A patient gets tested for a disease. The test is 90% reliable (that is P(testing positive│have disease)=.9 . 2% of the population has this disease. The test gives a false positive 5% of the time (that is P(testing positive│NOT diseased)=.05). What is the probability that the patient has the disease given that she tested positive?

To find the probability that the patient has the disease given that she tested positive, we can use Bayes' theorem. Bayes' theorem states that the probability of an event A occurring given that event B has occurred is equal to the probability of event B occurring given that event A has occurred, multiplied by the probability of event A occurring, divided by the probability of event B occurring.

Let's define the events:
A: The patient has the disease.
B: The patient tested positive.

We are given the following probabilities:
P(A) = 0.02 (2% of the population has the disease).
P(B|A) = 0.9 (the test is 90% reliable, so the probability of testing positive given that the patient has the disease is 0.9).
P(B|not A) = 0.05 (the test gives a false positive 5% of the time, so the probability of testing positive given that the patient does not have the disease is 0.05).

We want to find P(A|B), the probability that the patient has the disease given that she tested positive.

Using Bayes' theorem:
P(A|B) = (P(B|A) * P(A)) / P(B)

To find P(B), the probability of testing positive, we can use the law of total probability:
P(B) = P(B|A) * P(A) + P(B|not A) * P(not A)
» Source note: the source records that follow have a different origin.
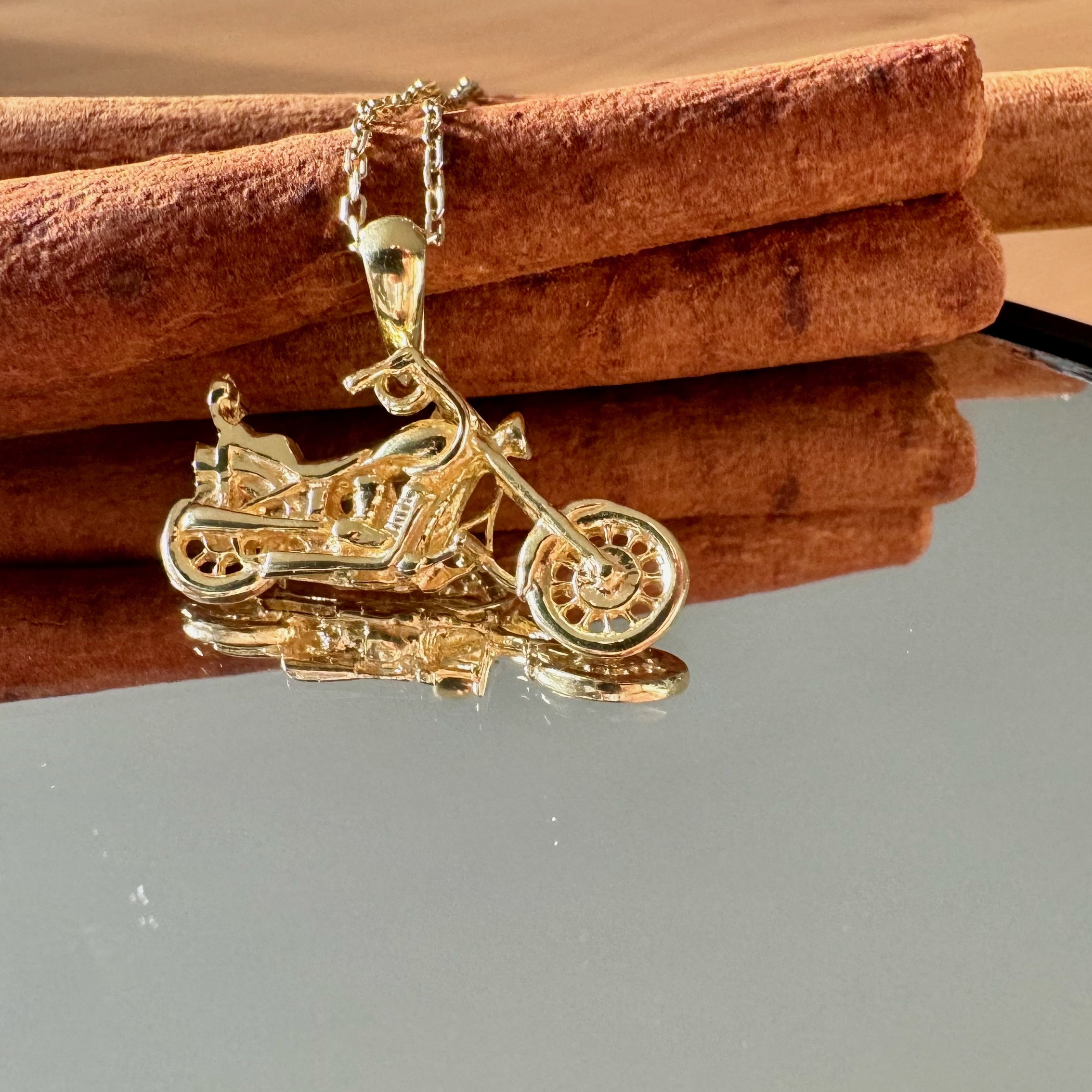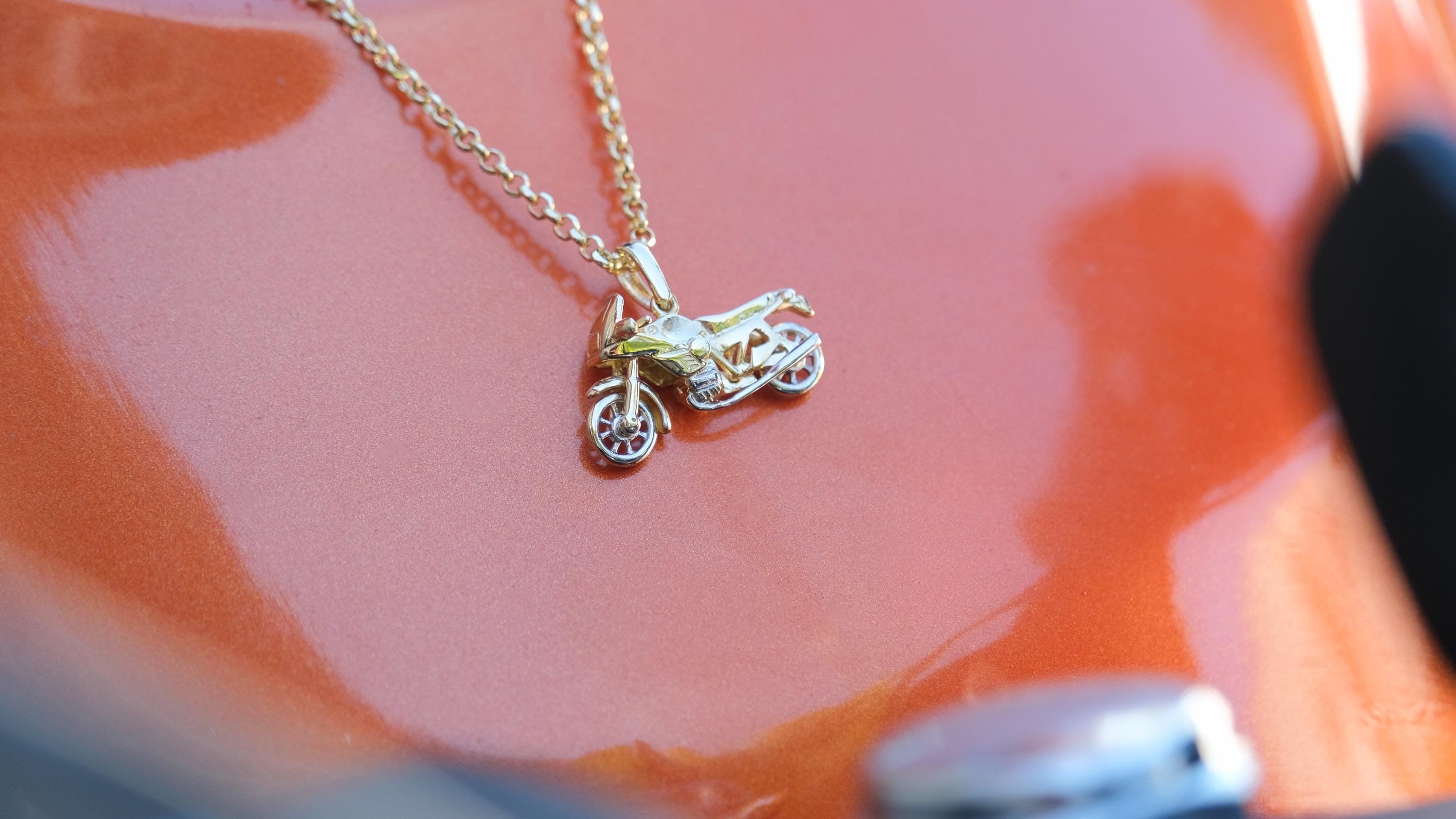 Double-Sided Sterling Silver Motorcycle Necklace, Gold 3D Chopper Pendant Each detail of this pendan...
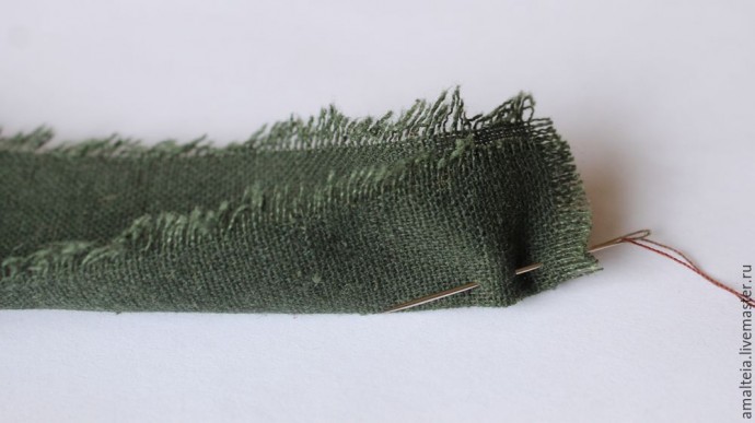 Беру зеленую полосочку, она тоже оторвана, а не отрезана, такая лохматенькая, ее складываю, но не пополам, а верхний край чуть короче нижнего, как бы два слоя получается и начинаю собирать на нитку.
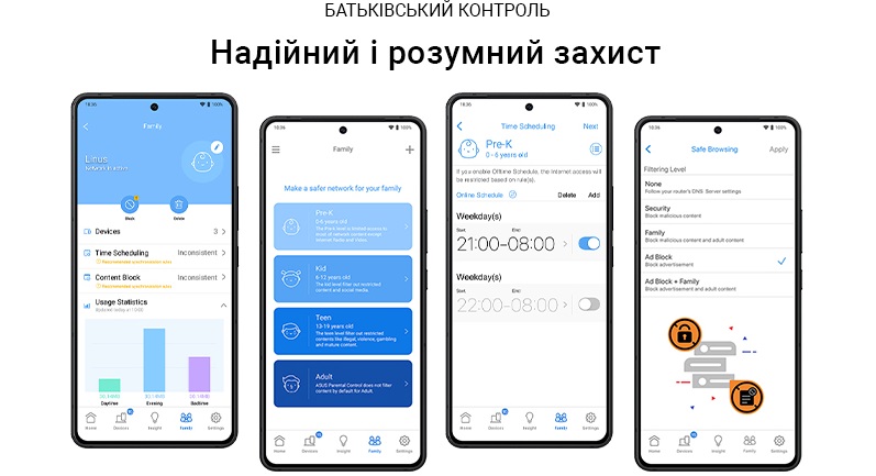 Попередньо встановлені профілі дозволяють автоматично фільтрувати неприйнятний вміст і встановлювати розклад доступу до мережі, що полегшує застосування налаштувань відповідно до віку дітей.
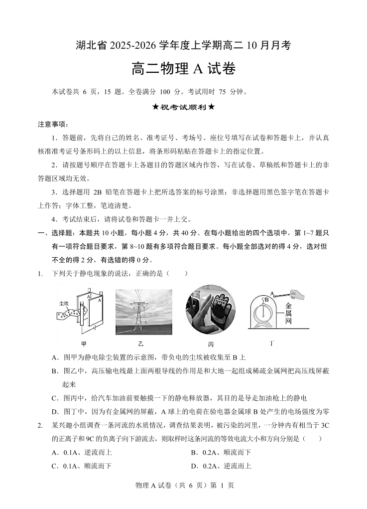 高二物理A--湖北省新八校联考2025-2026学年度上学期高二10月月考
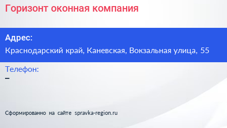 Горизонт, оконная компания по адресу Краснодарский край, Каневская, Вокзальная улица, 55 в дальнейшем Организация, размещена в следующих категориях:
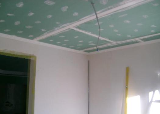 بالإضافة إلى ذلك. قبل وضع السقف من الحوائط الجافة ، تحتاج إلى التأكد من أن البراغي لا تبرز خارج مستوى الأوراق ، وأن جميع اللحامات مطرزة.
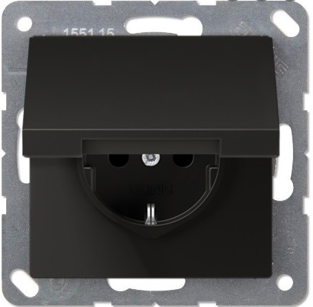 EP1420KLSWM Штепсельная розетка SCHUKO 16A 250V, с заз. ( Jung ECO profi , c крышкой, мат. черн.)
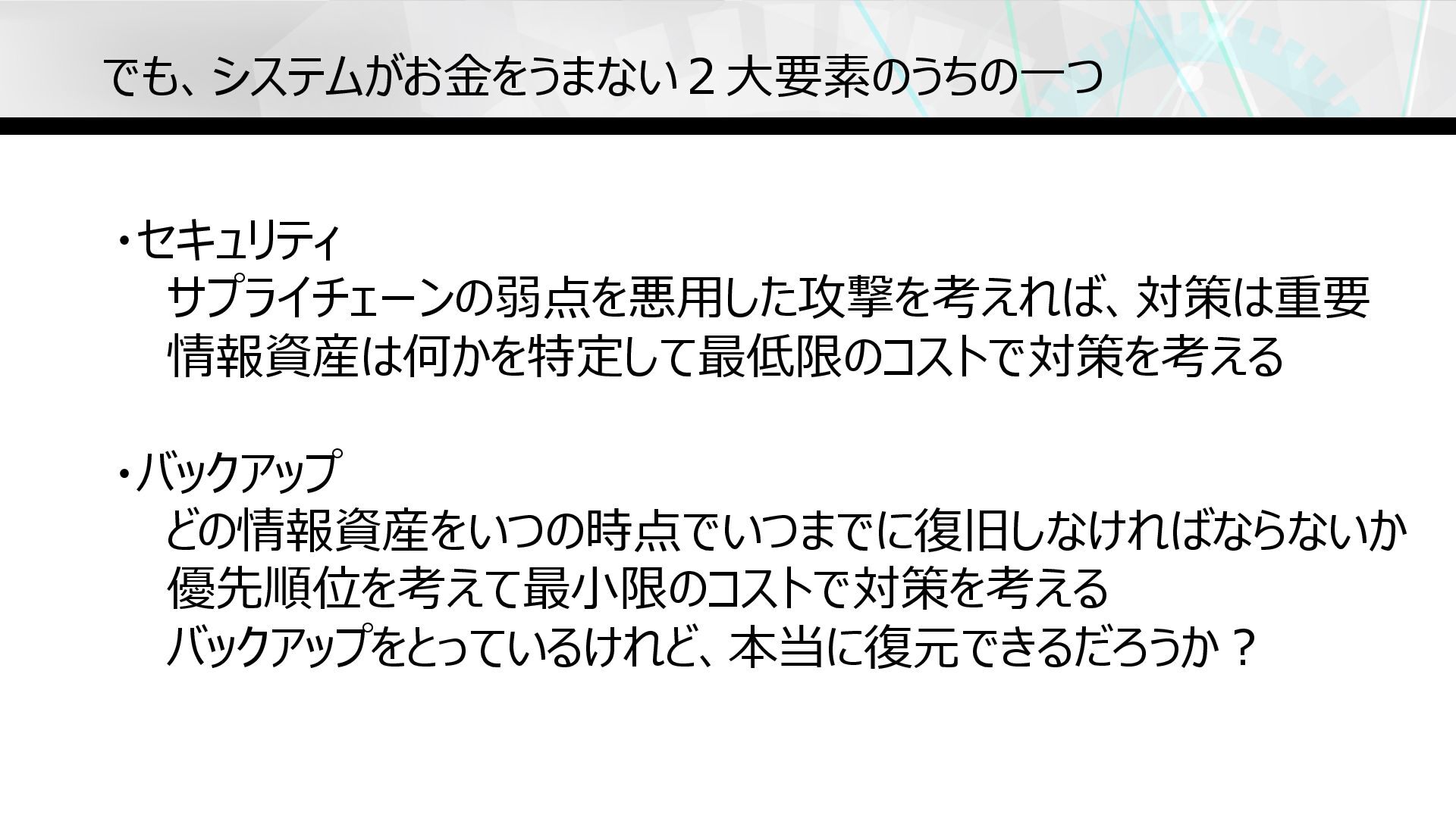 ・セキュリティ サプライチェーンの弱点を悪⽤した攻撃を考えれば、対策は重要 情報資産は何かを特定して最低限のコストで対策を考える ・バックアップ どの情報資産をいつの時点でいつまでに復旧しなければならないか 優先順位を考えて最⼩限のコストで対策を考える バックアップをとっているけれど、本当に復元できるだろうか︖ でも、システムがお⾦をうまない2⼤要素のうちの⼀つ
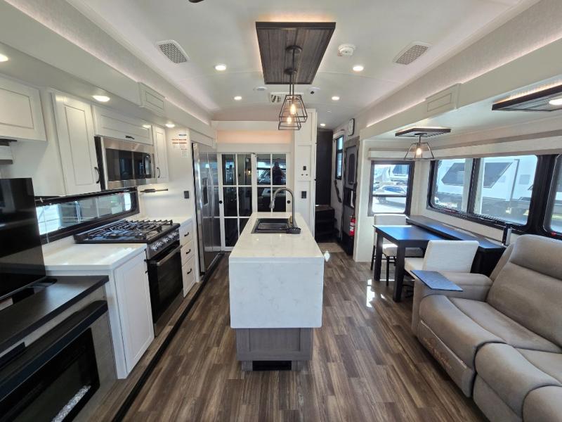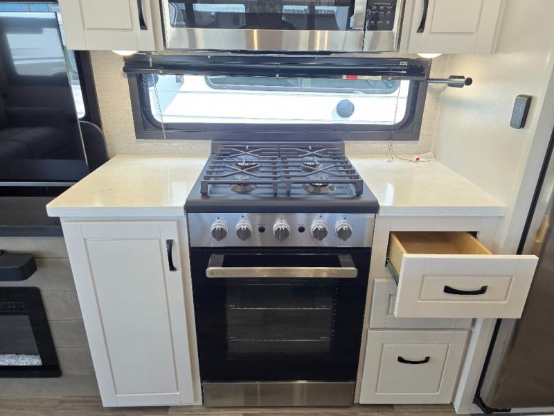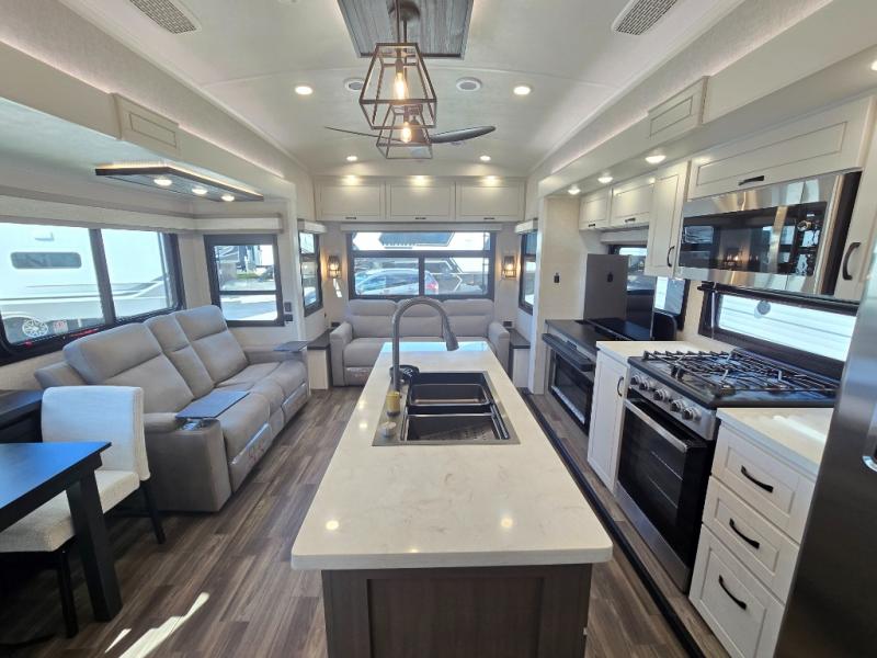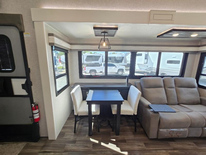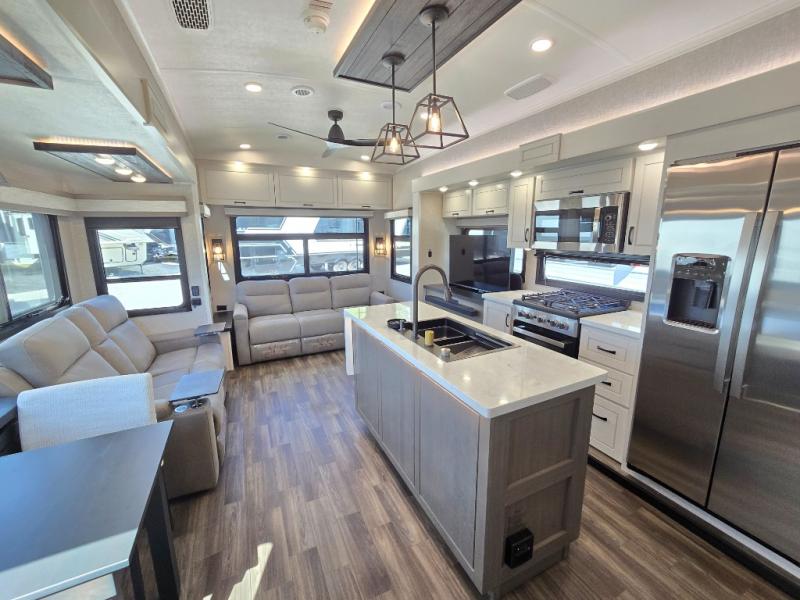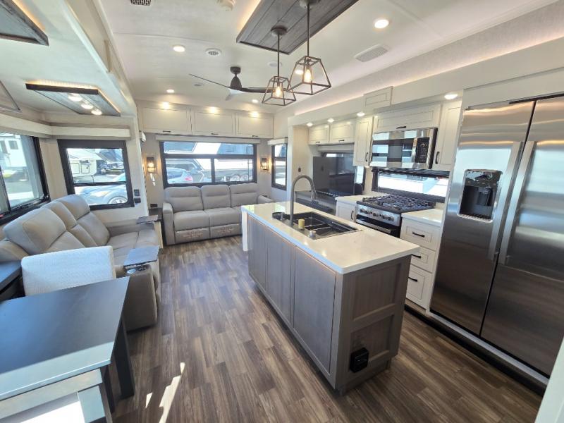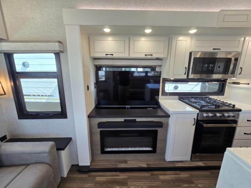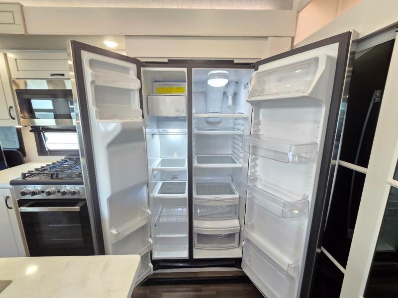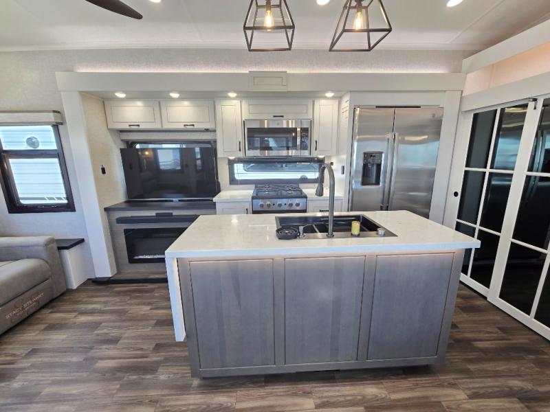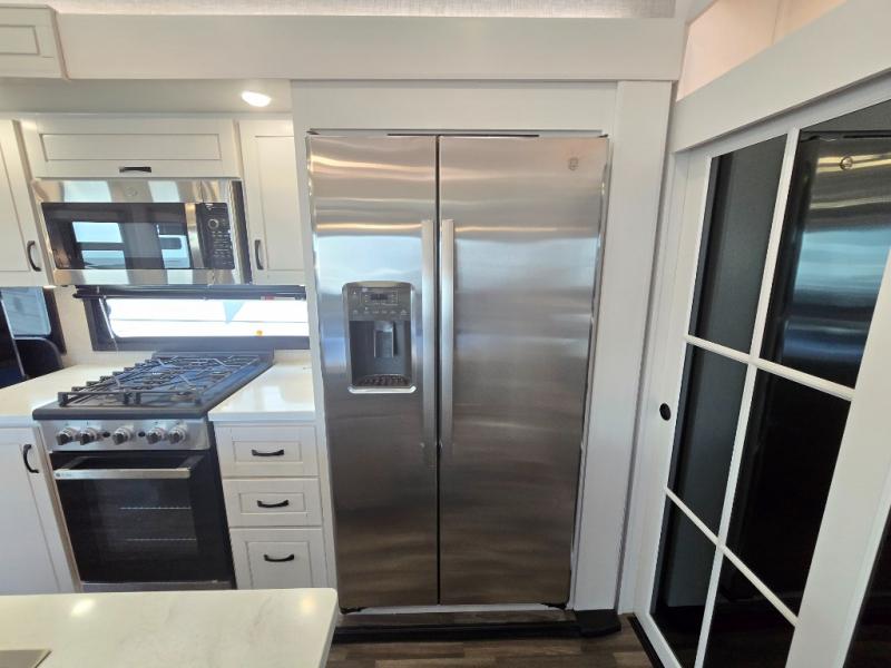 Whether you want to live in this fifth wheel or travel for long periods at a time, you will enjoy the spacious main living and kitchen area with dual slide outs as well as the bedroom with a slide out king bed. You will also find a walk-in closet with hamper and prepped space for a washer/dryer option, and a flip-top dresser with 32" TV. Easily get cleaned up in the full bathroom which also has linen storage. The cook will have a residential refrigerator to store all the cold items and beverages, a kitchen island, a pantry and a residential 24" stove. The 50" Smart LED HDTV with fully digital HDMI output and home entertainment system with subwoofer and fireplace below will provide a cozy place to watch your shows while relaxing on the theater seats, the tri-fold sofa, or the roll-top dinette table.

P(not A) = 1 - P(A) = 1 - 0.02 = 0.98 (the probability of not having the disease).

Substituting the values into the equation:
P(B) = (0.9 * 0.02) + (0.05 * 0.98)

Now we can calculate P(A|B):
P(A|B) = (0.9 * 0.02) / [(0.9 * 0.02) + (0.05 * 0.98)]

Simplifying the equation:
P(A|B) = 0.018 / (0.018 + 0.049)

Calculating:
P(A|B) ≈ 0.268 (approximately 26.8%)

Therefore, the probability that the patient has the disease given that she tested positive is approximately 26.8%.